She takes the stairs up to her ‘room’ two at a time, running for the cellphone Miranda had only let her have because she’d pointed out that it would look ‘weird’ if a normal 17-year-old girl didn’t have one. And wasn’t that the point of all this, pretending to be normal? Eiffel’s number is one of only a handful she has, and it always comes up first. It rings for 7.023 seconds.

“Hera?” He’s smiling, she can hear it. It helps a little.

She’s too excited for greetings. “She said I can go!”

“She did? That’s great!” He sounds almost as happy as she feels. “This is going to be such a great time, Hera, I promise-”

But she has a million questions. “I’ve never done this before! What do I wear? What happens there? Do I have to bring anything?”

He laughs, “There’ll be fireworks, if Jacobi has anything to do with it. Probably whatever alcohol they can sneak in, but you won’t have to worry about that. Maybe some dancing, but you’re great at that already. Nothing too stressful, I promise.”

Hera feels the relief. She can store a decent amount of liquid, but acting ‘drunk’ wasn’t something she’d been looking forward to, and she doesn’t like lying around Eiffel more than she already has to. “You don’t know I can dance,” she accuses.

“Call it faith, and having seen you in Music,” he teases, “Anyway, you can’t be a worse dancer than Minkowski, so just stand near her if you’re worried.”

“Okay,” she giggles. Maybe she can ask Minkowski what she should wear. Her wardrobe is limited, but she has an allowance for ‘generic teenage activities’ that she never gets to use. Her research has told her that Eiffel really isn’t the person to ask for fashion tips. “Are all your friends going?”

“I’m pretty sure everyone’s going to be there. It’s a big house, though, so we can sneak off if it gets too much for you.”

Eiffel thinks she has an anxiety disorder. Maybe she does. “I’ll be fine,” she promises him. “I’m really excited. I get a whole night away from my mother.”

“And you can never have enough of those.” He’s still trying to sound like he’s joking, but there’s a sadness under his smile. 

Hera looks around her room. There’s a desk, a dresser and a chair, and a few posters and drawings she tacked up herself. No bed. The rest of the space is filled with servers and charging ports. “You can say that again.”

“I could come break you out, if you like. Get up to some normal teenage trouble-making, you’re still behind on that.”

The lie is that she was homeschooled for ten years. “I’d be grounded until the next century,” Hera tells him, and that’s probably true. She can be reactivated at any time. “Besides, what if she saw you?”

“I can be stealthy. She’d never know you were gone, it’s not like she checks. Come on, Hera, live a little?”

It would be good advice if she were truly alive. “Not worth it,” she sighs. “If she catches me it’s bye-bye party.”
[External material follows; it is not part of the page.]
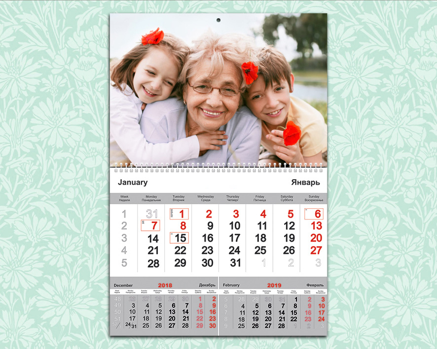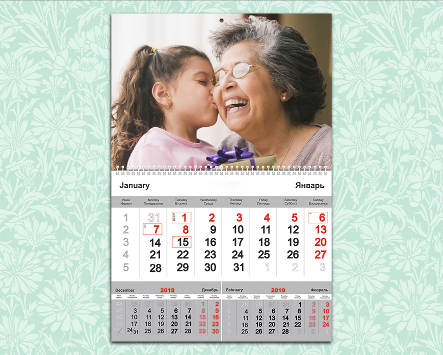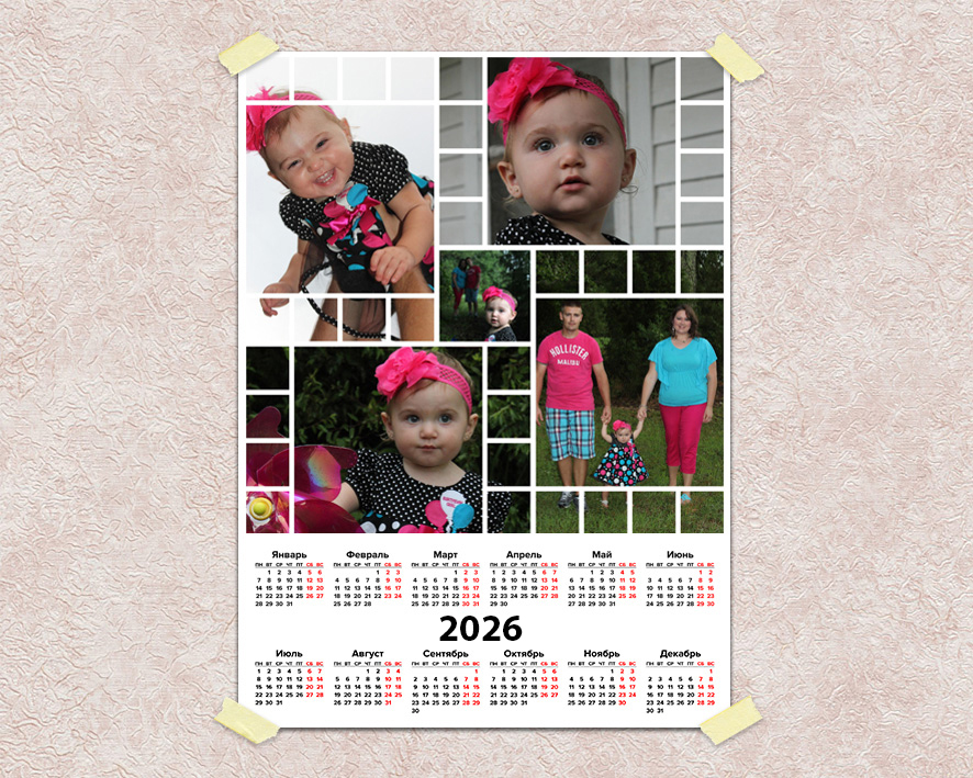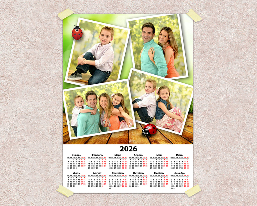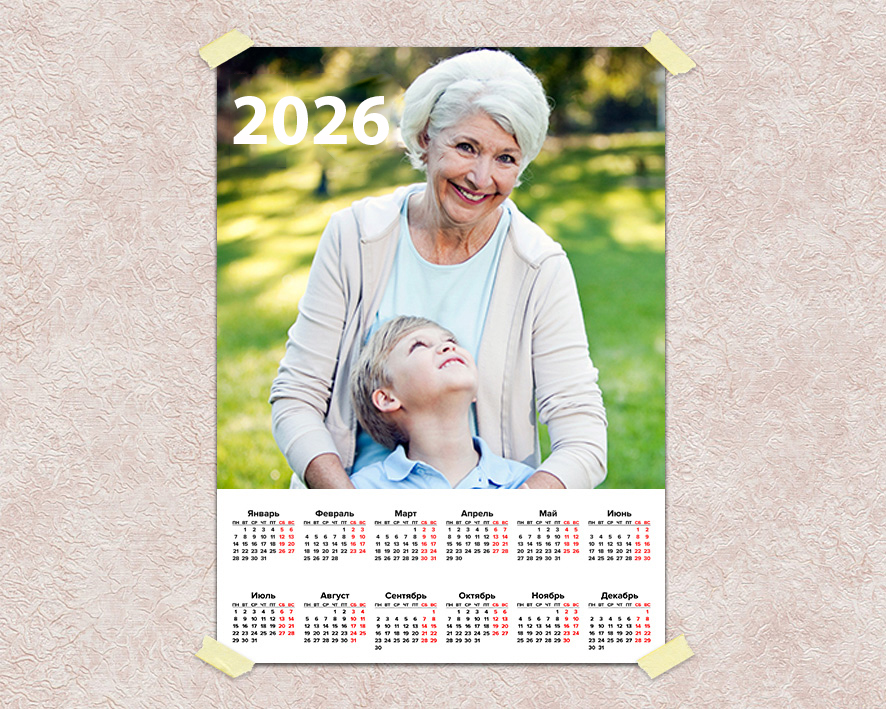 Настенный календарь на год — это плакат с напечатанной календарной сеткой, а большую часть постера занимает яркое изображение, которое не должно быть скучным, потому что настенный календарь обычно находится в течение целого года перед глазами, напоминает о значимых событиях и важных датах или позволяет вспоминать приятные моменты, связанные с изображением. Кроме того, фирменный настенный календарь на 2026 радует яркими картинками вашего бизнеса, рекламирует его и привлекает внимание клиентов. В последнее время популярными настенные календари с рамкой. Это и стильный дизайн, и украшение интерьера, а иногда составляется композиция из нескольких настенных календарей на полугодие или квартал. Нередко такой настенный календарь радует даже по истечению года.

“Good point. Soon, though?” he pleads, “We can… I don’t know, get milkshakes or something wholesome and normal.” But I’m not normal, she replies in her head, but that’s not what Eiffel means. “You deserve some normal.”

“Soon,” she says, trying not to make it sound like a promise. Something in her research stirs. Pop culture references of teenagers sharing milkshakes. Two straws. A date? 

“It’ll be fun, get you out of the house, and your mom can’t have a problem with milkshakes,” he continues, “You could even bring your homework for bonus points.”

“My mother has a problem with everything. But I’ll try, okay?”

“As long as you don’t get in trouble,” he concedes. He worries a lot about getting her in trouble for someone who claims to hate rules. 

“Okay. Go do your homework, okay? I know you’re behind on physical sciences.”

“You do your homework,” he retorts, and if they were together he might stick his tongue out at her or make a face. “Look after yourself, sweetheart. See you tomorrow?” 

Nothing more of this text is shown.